Archive for Monday, August 31, 1992


August 31, 1992


It's hard to believe, but the Farmers Home Administration (FmHA) has had a hard time unloading $4 million in loans to prospective home owners this year.

Marvin Chilcott, rural housing chief with FmHA, said the new guaranteed program for housing loans offers assistance to low and moderate income residents of towns with a population of 20,000 or less.

"FmHA has been making direct housing loans for years," he said. "In the last eight years or so, we've been limited to funding only people in the low and very low income range. Two years ago, Congress appropriated money to 20 pilot states to try guaranteed loans."

CHILCOTT said the guaranteed loan program involves private lenders issuing the 30-year, fixed-rate loans, which are guaranteed by FmHA. In the longstanding direct loan program, applicants receive housing loans directly from FmHA.

This fiscal year, which started Oct. 1, 1991, the program went nationwide, and Kansas received $4 million. FmHA has approved only about $500,000 in guaranteed loans to Kansans so far, and the money was pooled back into a national fund on Aug. 14. However, Chilcott said the organization still should be able to make a few more loans during September, and the new allocation for the program will be available with the start of the new fiscal year, Oct. 1.

FmHA held training sessions for lenders, real estate brokers and builders to familiarize them with the guaranteed loan program, said Chilcott, who hopes more people will take advantage of the available funds once the word gets out.

"THIS PROGRAM offers a number of advantages to prospective home buyers," he said. "Private enterprise can process loans faster than the agency can, and FmHA tries to issue a guarantee or commitment to guarantee within three days of the request from the lender.
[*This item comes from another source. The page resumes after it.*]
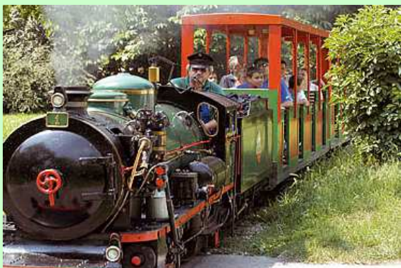
Vienna's „Liliput Train“ at „Volksprater“

Lenders also can loan up to 100 percent of the appraisal of property."

The maximum available loan varies by county, as do the eligibility requirements, which are based on the county's median income. The lid on loans is $67,500 in most Kansas counties, but higher loans are available in urban counties. For example, rural Douglas County residents can receive up to $70,775. Residents of Leavenworth County can borrow up to $81,600.
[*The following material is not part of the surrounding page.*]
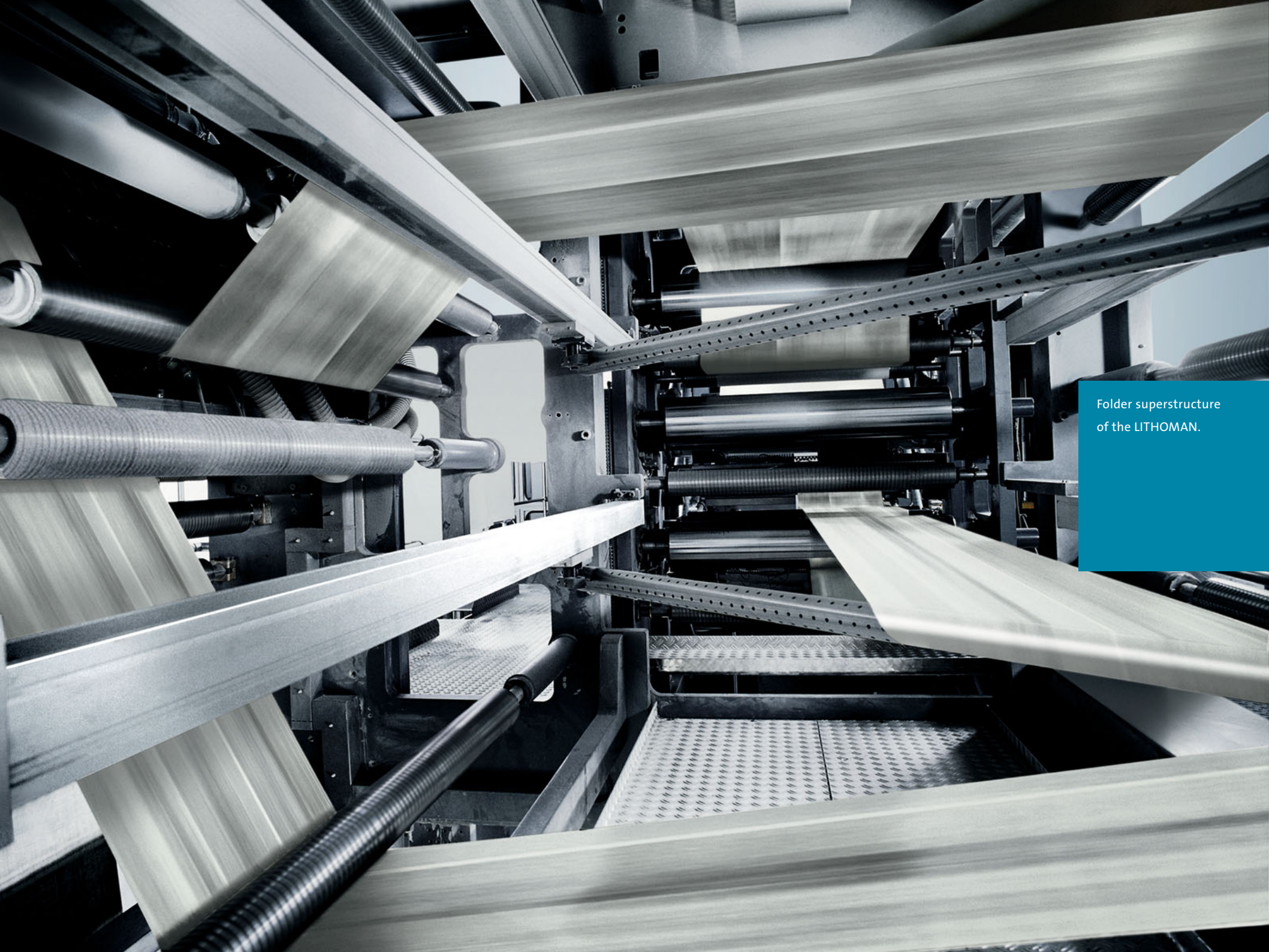
Folder superstructure of the LITHOMAN.

Chilcott said eligibility is based on the family's gross adjusted income, which includes deductions for each child and day-care expenses, and the number of people in the family. In Douglas County, a family of four can have a maximum adjusted income of $36,500 to apply for a guaranteed housing loan.

SEVERAL Lawrence-area communities, including Eudora, Tonganoxie, Perry and Wellsville, have high numbers of residents participating in the direct loan program, Chilcott said, adding he would like to see the guaranteed loans become as popular.

For a list of the 28 lenders approved in the guaranteed loan program, write FmHA at P.O. Box 4653, Topeka 66604.